• _PROBLEM TO SOLVE_: Output exactly the lines below from the one containing "营商环境指数:按照调查出的好" to the last line, both included. Omit pictures.

• _DATASET SECTION_:
####

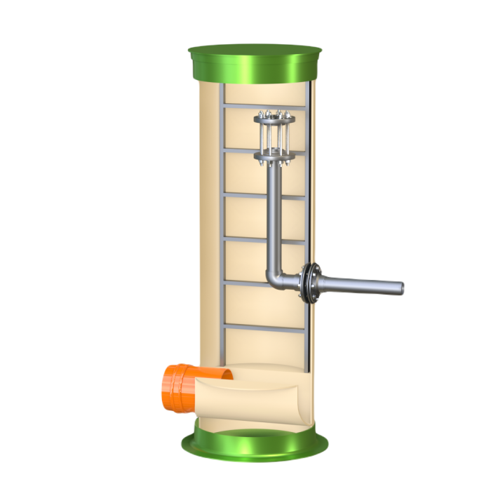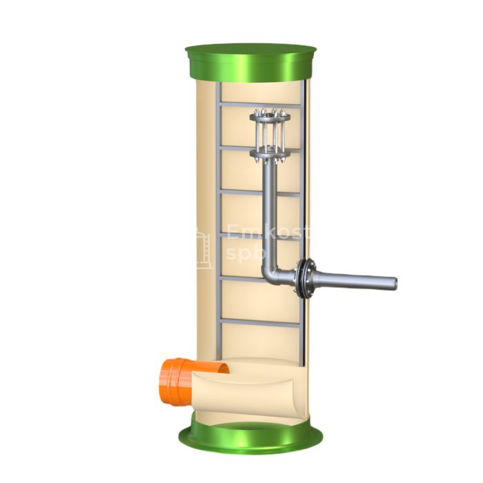 Колодец гаситель ГРИНЛОС Г 800/2500 предназначен для снижения давления перед очистными сооружениями, когда сточные воды подаются под давлением из аккумулирующего резервуара.
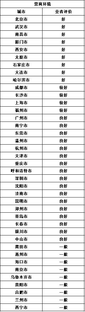 营商环境指数:按照调查出的好、较好、良好、一般、较差、差,降幅赋值100-50。
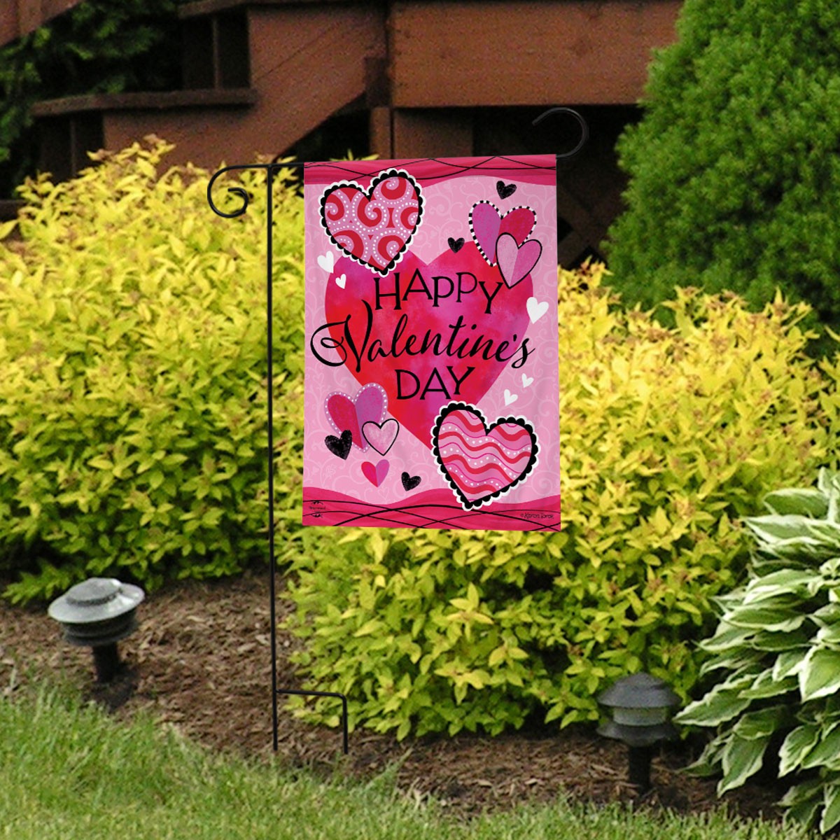 как выглядит Briarwood Lane Patterned Valentines Hearts Double Sided Garden Flag фото

####

• _EXERCISE RESPONSE_:
 营商环境指数:按照调查出的好、较好、良好、一般、较差、差,降幅赋值100-50。
 как выглядит Briarwood Lane Patterned Valentines Hearts Double Sided Garden Flag фото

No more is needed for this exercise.